# Co2 photos for UKaps.



## Dan Crawford (28 Jan 2008)

Hi Folks, i am currently designing some articles for our website and i am a little short on photos. The articles are generally Co2 based so what i need are really nice photos of Co2 equipment and the main one being a dropchecker, a real sexy glass one would be nice.
A good photo of a nice glass diffuser would also be great, either in a tank and working or an arty one out of the tank or what ever, i'm open to suggestions.
I would like to get this article finished asap. Thanks in advance folks.
Dan


----------



## George Farmer (28 Jan 2008)

I've got a few - dropper, Rhinox and reg etc.

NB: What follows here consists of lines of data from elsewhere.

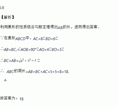 (题文)如图,在菱形ABCD中,AC=8,BD=6,则△ABC的周长是_____.
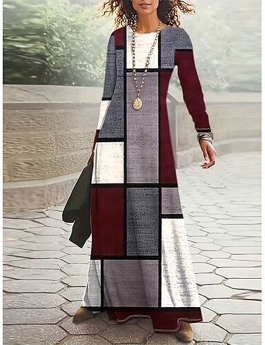 Damskie Sukienka maxi Sukienka ołówkowa Sukienka t-shirtowa Urlop Codzienny Boho Święto Randka Regularny Kwiaty Graficzny Geometryczny Długi rękaw Półgolf Niebieski Głęboki fiolet Rumiany róż Czerwony
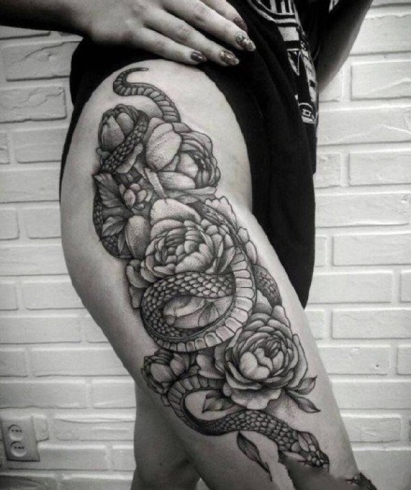 性感大腿纹身 女士大腿处性感的花花纹身图片
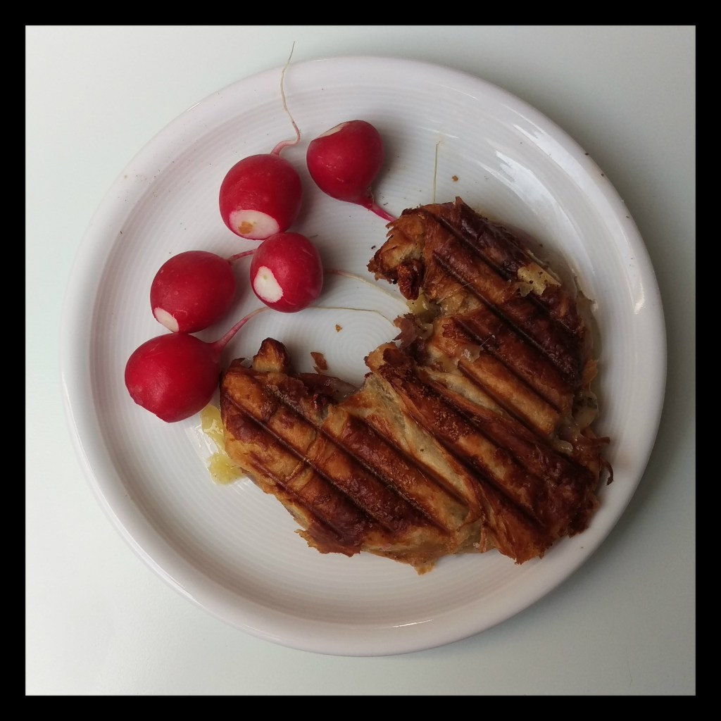 das Panini z. B. mit Radieschen, Tomatenvierteln oder Gurkenscheiben servieren

I'll email you hi-res shots tonight mate.

Does this work for you?

http://video.google.co.uk/videoplay?doc ... &plindex=0


----------



## Dan Crawford (28 Jan 2008)

sorry mate, you know me and my uber quality issues!

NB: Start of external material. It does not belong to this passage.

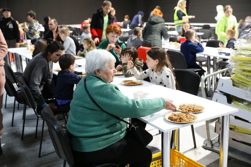 Zaznaczył, że są to przeważnie matki z dziećmi. "Przerażone, zmęczone do granic możliwości. W momencie, kiedy trafiają, nawet w bardzo skromnych warunkach, na ciepłe pomieszczenie, łóżko z pościelą, z wyżywieniem całodobowym, z możliwością sali zabaw dla dzieci, z ogromną górą darów od dobrych ludzi, to w tym momencie im podejmować decyzje, żeby jeszcze dokądś pojechać jest pewnie trudno" - dodał.

Drop me an email later, looking forward to it.


----------



## Garuf (28 Jan 2008)

I've one of a drop checker, I'll upload it later if you pm me


----------



## Dan Crawford (28 Jan 2008)

PM'd


----------



## George Farmer (28 Jan 2008)

Dan Crawford said:
			
		

> sorry mate, you know me and my uber quality issues!
> 
> Drop me an email later, looking forward to it.



You mean the video quality, or my crap photography!?


----------



## Dan Crawford (28 Jan 2008)

sorry mate the video!


----------